AB 682 also makes several important changes to the definitions of “maximum allowable residential density” and “base density” that would impact how base density and resulting bonus density must be calculated per project. The bill states that density shall be calculated based on dwelling units per acre (DU/A), but if the applicable local land use controls do not provide this type of DU/A standard, then AB 682 would require that base density instead be calculated by estimating the realistic development capacity of the site based on applicable objective standards. Also, in the event that the base density allowed under the applicable zoning is inconsistent with the density allowed under an applicable specific plan or general plan, AB 682 would require that the greater of the density applies – under current law, the general plan density prevails in the event of conflict.
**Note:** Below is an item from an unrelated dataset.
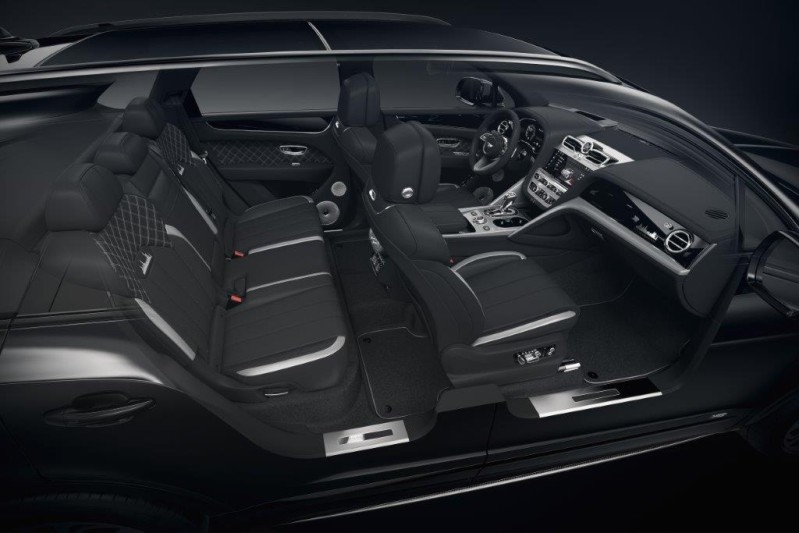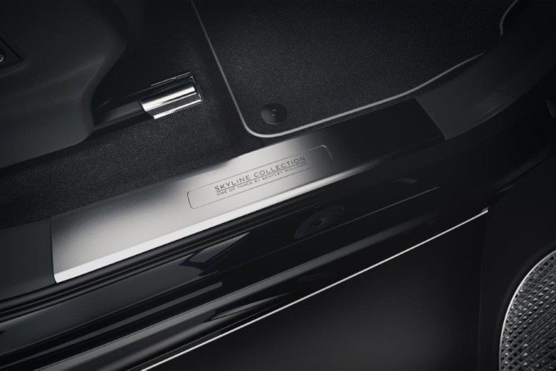 Silver accents to the bespoke Mulliner interior surround the seats and headrests. These are mirrored with the painted veneer fascias of the dashboard and door waistrails. Silver contrast stitch runs through the centre of the seats leading to an embroidered Manhattan Skyline image, which is replicated as a chrome overlay on the passenger fascia. Finishing touches of personalised treadplates and bespoke LED welcome lighting complete the unique theme for this first cross-car collection.

Overall, these proposed changes may prove helpful in reducing ambiguity for calculating base and bonus density for these projects and ensuring that Density Bonus Law is interpreted in favor of producing the maximum number of housing units.
AB 1551 (Santiago) [Reinstating Density Bonuses for Commercial Projects] – AB 1551 reinstates the expired density bonus program for commercial/non-residential developments (previously enacted under AB 1934 in 2016). This would allow a commercial developer to obtain one of six commercial density bonuses – for example, 20% increases in floor area ratio, height or development intensity – by partnering with a housing developer to provide qualifying affordable housing (at least 30% total units available to low-income tenants, or 15% affordable to very low-income tenants) through either directly building affordable housing units, donating land for affordable housing units, or providing direct funding to an affordable housing developer for development of an affordable housing project. This commercial density bonus program would be extended through January 1, 2028.
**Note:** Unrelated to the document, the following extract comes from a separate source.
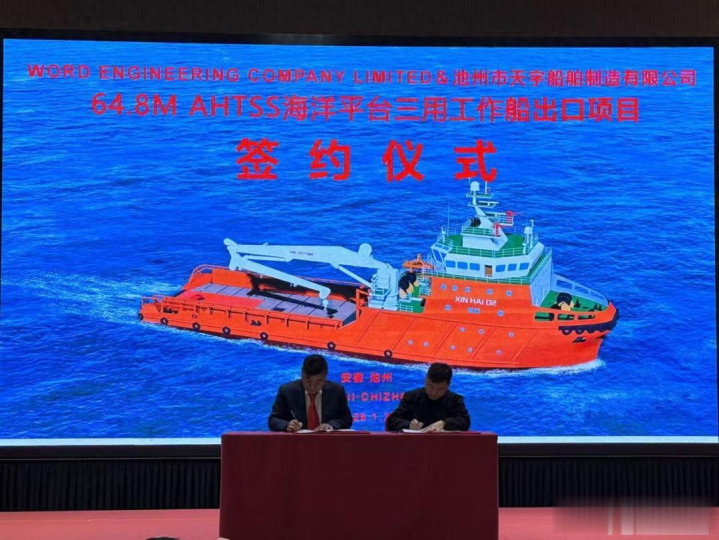 据池州市经济和信息化局消息,日前,池州市天宇船舶制造有限公司与香港沃德工程有限公司成功签订64.8米AHTSS海洋平台三用工作船建造协议。这是贵池船舶工业基地2026年斩获的首个外贸船舶订单,标志着该基地在高端海工装备制造领域迈出新步伐。

Data provided to HCD indicates that this commercial density bonus program was not widely utilized when previously in effect from 2016 to 2022, and it is unclear whether developers will now take advantage of the same provisions, as extended through 2028.
AB 2334 (Wicks) [Enhanced Density Bonuses for Qualifying Affordable Projects in Low VMT Areas] – AB 2334 expands the Density Bonus Law to allow 100% affordable housing projects to receive unlimited density and a height increase of 33 feet or three stories if located within qualifying “very low vehicle travel areas” in 17 qualifying counties (Alameda, Contra Costa, Marin, Napa, San Francisco, San Mateo, Santa Clara, Solano, Sonoma, Los Angeles, Orange, Riverside, San Bernardino, San Diego, Ventura, Sacramento, and Santa Barbara). “Very low vehicle travel area” is defined as an “urbanized area . . . where the existing residential development generates vehicle miles traveled [VMT] per capita that is below 85[%] of either regional [VMT] per capita or city [VMT] per capita,” and additional analysis will be required at the local level to determine what specific areas within each county qualify for this enhanced density bonus.
This bill builds on the density bonus framework adopted under AB 1763 in 2019, which allowed for an enhanced density bonus for qualifying housing projects but only within a half mile of a major transit stop. AB 2334 aims to increase the number of eligible project sites to include all qualifying sites within very low vehicle travel areas that otherwise might lack the level of public transportation service required under AB 1763.
Streamlining Post-Entitlement Permitting Issuance
AB 2234 (Rivas) [New Deadlines and Process for Review and Approval of Post-Entitlement Permits] – AB 2234 establishes time limits and other procedural streamlining changes for review and approval of post-entitlement permits related to housing development projects. These time limits are similar to those required for initial entitlements and approvals under the Permit Streamlining Act but do not apply to post-entitlement permits. The categories of post-entitlement permits covered by this new law include permits for demolition, most excavation and grading permits, building permits, and permits for most offsite improvements. In brief, AB 2234 requires that a local agency determine whether an application for a post-entitlement phase permit is complete and provide written notice of its determination within 15 business days after application submission. If the local agency fails to meet initial deadlines, the permit application may be deemed complete. Once the application is complete, the local agency then has a relatively short window to approve or deny the application, 30 business days for projects with 25 units or fewer and 60 business days for projects with 26 units or more. Local agencies may extend these timelines by making written findings that the post-entitlement phase permit might have a specific, adverse impact, as defined, on public health or safety and that additional time is necessary to process the application. Notably, a violation of AB 2234 requirements constitutes a violation of the Housing Accountability Act, which establishes penalties – including potential monetary fines – for violations by cities and counties. Other limitations and carve outs apply, so close review of this bill is required to determine specific applicability.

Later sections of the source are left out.